I wrote in our last issue about the recruitment crisis that is raging for nurseries and the National Day Nurseries Association survey that confirmed it in hard figures. Now we have the Education Policy Institute report that Natalie Perera comments on (opposite) and we report on (pages 6-7), with further concerning findings about the workforce and qualification levels.
Added to this is our story about further education colleges who have neglected to update information about GCSE regulations for Level 3 staff, probably putting off potential students in the process (pages 4-5).
There’s much more. Funding challenges are a constant refrain, but as Michael Petteval (opposite) reminds us, they are taking us down a dangerous road where quality can be overlooked.

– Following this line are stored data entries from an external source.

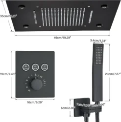 Dušisegisti komplekt musta termostaadiga, vihmavee ja juga 40X80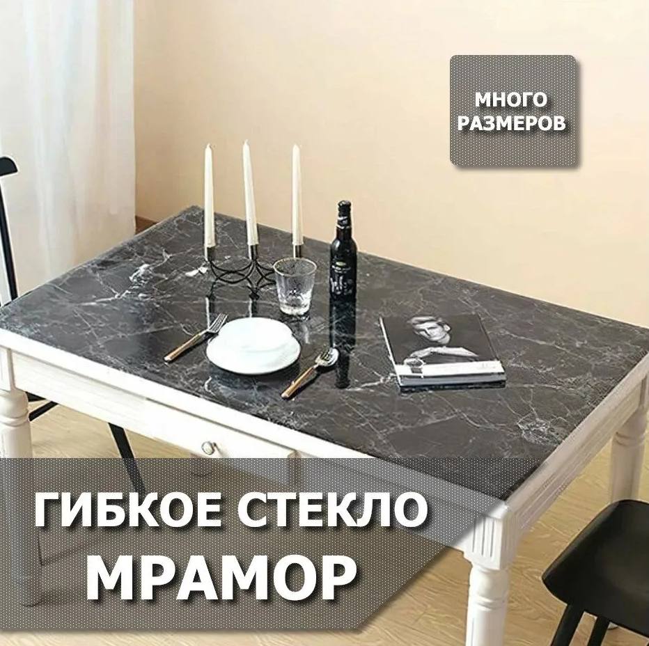 Отзывы на Скатерть ФлексШоп "Черный мрамор", ПВХ, гибкая, антискользящая, водоотталкивающая 80х120 см.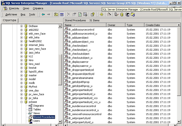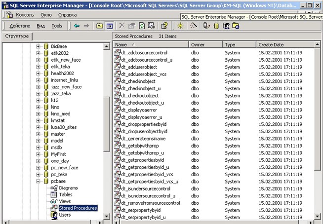 Интерфейс Microsoft SQL Server Enterprise Manager.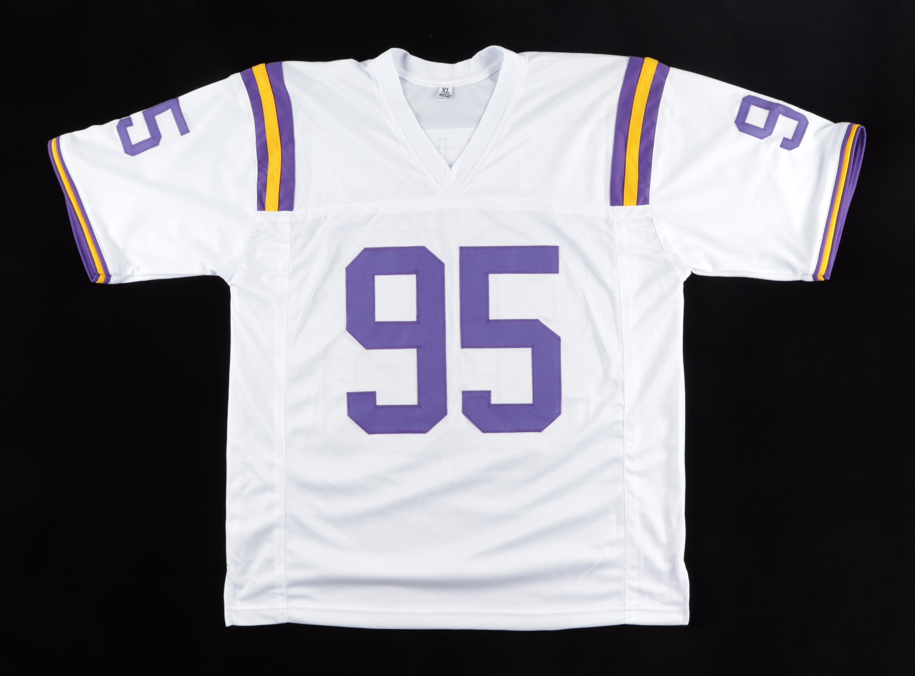 Custom on-field style jersey. Everything is sewn on, size XL. Hand-signed and inscribed by Kyle Williams.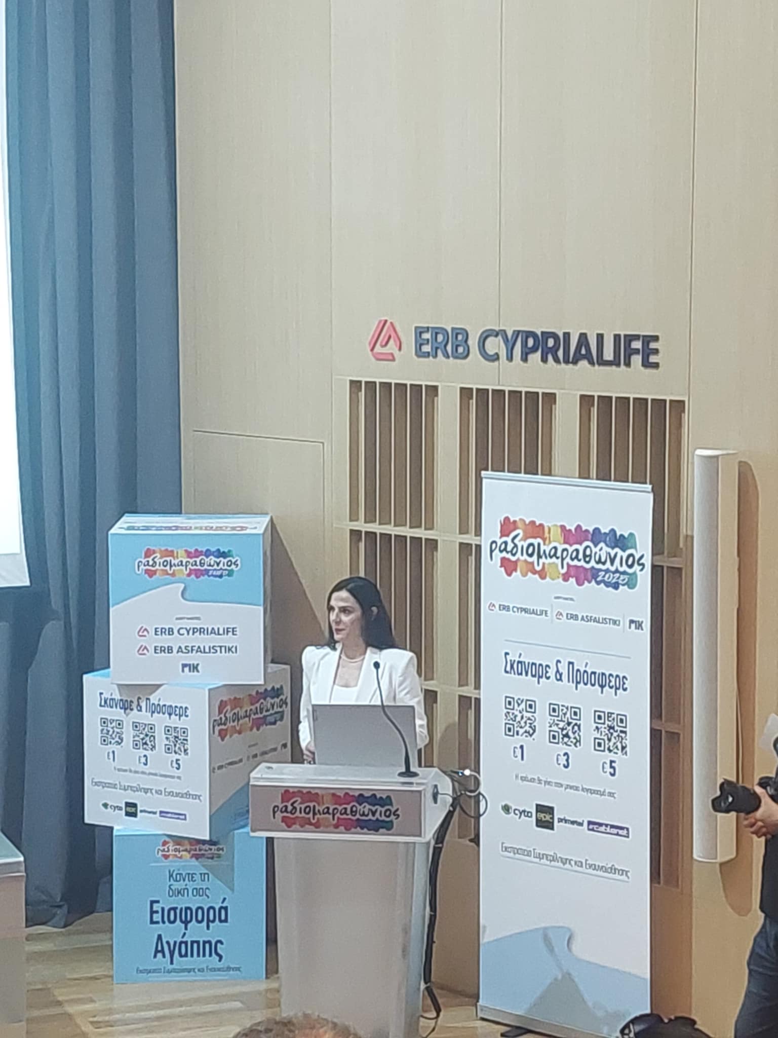Η επίσημη έναρξη των δράσεων του φετινού Ραδιομαραθώνιου πραγματοποιήθηκε την Τρίτη 21 Οκτωβρίου, στο αμφιθέατρο των κεντρικών γραφείων του Ομίλου ERB Cyprus Insurance Holdings στη Λευκωσία. Η κύρια εκστρατεία οικονομικής ενίσχυσης του Ραδιομαραθώνιου θα πραγματοποιηθεί στις 3 και 4 Νοεμβρίου, καλώντας όλους να συμμετάσχουν με το σύνθημα: «Μαζί μπορούμε, για όλα τα παιδιά. Η δράση αναδεικνύει την προσπάθεια του Ομίλου ERB CYPRUS και των εταιρειών του, ERB CYPRIALIFE και ERB ASFALISTIKI, να συμβάλλουν σε μια βιώσιμη κοινωνία που ενσωματώνει όλα τα μέλη της, δίνοντας έμφαση ειδικά στα παιδιά, σε συνεργασία με το ΡΙΚ.

Next up will be the proposed revisions to the Early Learning Goals, where the early years sector is hoping for sensible, much-needed revisions and alignment with Key Stage 1 that doesn’t involve making everything ‘harder’ for young children. There will be a couple of years of piloting and trialling before the revised Early Years Foundation Stage goes live in September 2020, so it will probably launch into a very different landscape.
Of most concern is probably the Baseline for Reception – the name of the organisation winning the contract is due to be announced very soon. There is huge unease at the revival of this failed method of testing children as they arrive at school: the high cost in money, time and the well-being of children that are once more being ignored in an ideological battle.